Earlier this year a scientific study using data collected at ICOS Ecosystem stations was published at Biogeosciences, a scientific journal of the European Geosciences Union. While the main focus of the study was on forest floor vegetation, the researchers also showed that ICOS forest ecosystem sites can serve as network for validation of pixel resolution Earth observation products. This study shows that the usefulness of ICOS research infrastructure goes beyond its designated tasks of measuring carbon exchange and greenhouse gases in the environment.
Using ICOS forest ecosystem sites to validate estimations from remote sensing satellites
“The ICOS RI provided an excellent tool for truly comprehensive and efficient validation exercise thanks to the wide variety of forests types represented in the network,” says Jan Pisek, an associate professor with University of Tartu, Tartu Observatory in Estonia.
The aim of the study published by Pisek and colleagues was to combine past efforts of tracking forest floor (understory) reflectance and its dynamics with multi-angle satellite-based remote sensing. The approach, originally developed over the Canadian boreal forests within the research group of prof. Jing Ming Chen at the University of Toronto, was validated against in situ understory reflectance measurements over an extended set of ICOS forest ecosystem sites.
“I believe that our study demonstrates how ICOS RI can be effectively used for the validation of new satellite-based data products,” says Pisek. The ICOS RI is included among the Land Product Validation Supersites under the Committee on Earth Observation Satellites (CEOS) Working Group on Calibration and Validation (WGCV) Land Product Validation (LPV) subgroup.
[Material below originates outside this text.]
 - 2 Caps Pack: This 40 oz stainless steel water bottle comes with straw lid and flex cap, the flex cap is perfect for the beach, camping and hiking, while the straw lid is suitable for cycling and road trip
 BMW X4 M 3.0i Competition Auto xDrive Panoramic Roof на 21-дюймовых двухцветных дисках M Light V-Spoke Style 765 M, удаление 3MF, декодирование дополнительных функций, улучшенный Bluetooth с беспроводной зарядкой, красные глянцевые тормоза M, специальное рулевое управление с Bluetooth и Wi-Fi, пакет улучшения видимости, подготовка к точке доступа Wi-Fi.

The main findings show that the novel modelling method can deliver good results, especially over different forest types with open canopies. The performance of the method was found limited over forests with closed canopies (high foliage cover), where the signal from understory gets hidden. This actually makes sense – the modelling algorithm relies on the condition that at least a small part of the forest floor is seen from different directions through the overstory canopy. If the tree cover is dense and the forest floor cannot be seen from above, the algorithm cannot provide the correct, independent estimation of the understory signal. “I would be actually really concerned if we were still retrieving ‘correct’ understory signal under these conditions of too dense tree cover. The fact that the algorithm indeed fails when it is supposed to fail, helps me to have more confidence in its performance,” adds Pisek.
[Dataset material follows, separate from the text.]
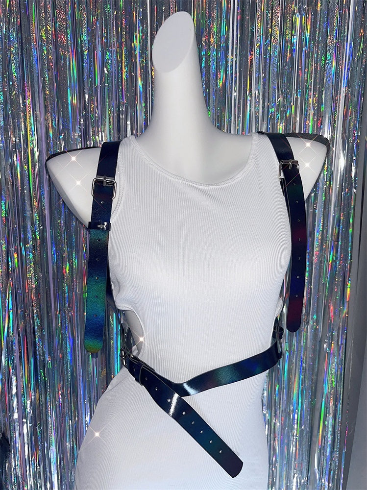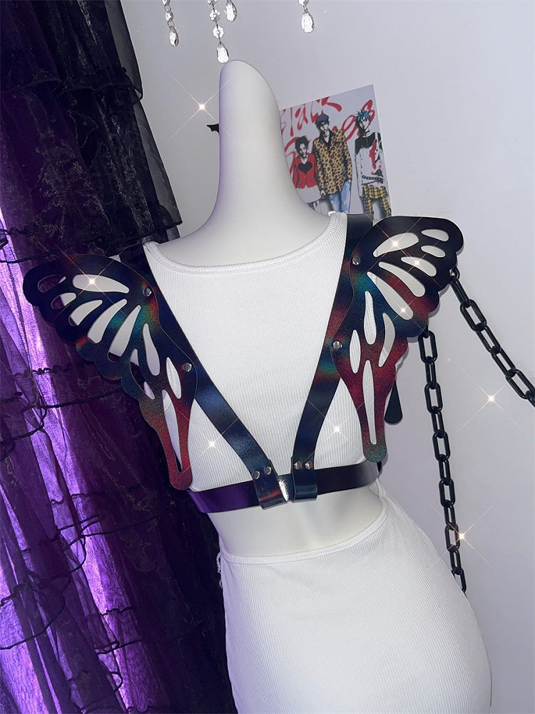 Dieser bezaubernde Harnessgürtel mit Schmetterlingsflügeln in holografischer Farbe und Schwarz verleiht jedem Outfit einen Hauch von Verspieltheit. Die holografischen und schwarzen Schmetterlingsflügel sind stilvoll und funktional zugleich und sorgen dafür, dass Ihre Habseligkeiten sicher verstaut sind. Vervollständigen Sie Ihren Look mit diesem süßen und praktischen Accessoire.

For the first time, the study also provides comprehensive spatial representativeness assessment of the included ICOS sites across different spatial scales. “We were happy to see that most of the included ICOS forest ecosystem sites are indeed representative and suitable for validation of Earth observation products across different scales,” adds Pisek. Identifying ways how to properly scale and compare the in situ ground-based measurements with satellite measurements is one of the objectives of the SENSECO project, in which Pisek participates.
Forest floor vegetation often excluded from carbon models
The plants growing on the forest floor are one of the most diverse and least understood components of forests worldwide. These plant communities are especially important because they assist in the cycling of nutrients and can influence what happens to the trees and the canopy above. Measuring the appearance of the forest floor, or its reflectance, over time and different locations is important to accurately estimate the parameters of forest canopy, and therefore for ecosystem modelling. However, this reflectance data from different types of forests is currently missing.
Currently, carbon models often treat the forest floor vegetation as an unknown due to the difficulties in measuring it properly and consistently on a larger scale. Remote sensing could be the technology to provide consistent data in this area. Multi-angle remote sensing can capture signals of different forest layers because the observed proportions vary with the viewing angle, making it possible to separate the signals from forest canopy and forest floor.
Jan Pisek acknowledges support by the Eesti Teadusagentuur (grant nos. PUT1355 and Mobilitas Pluss MOBERC11).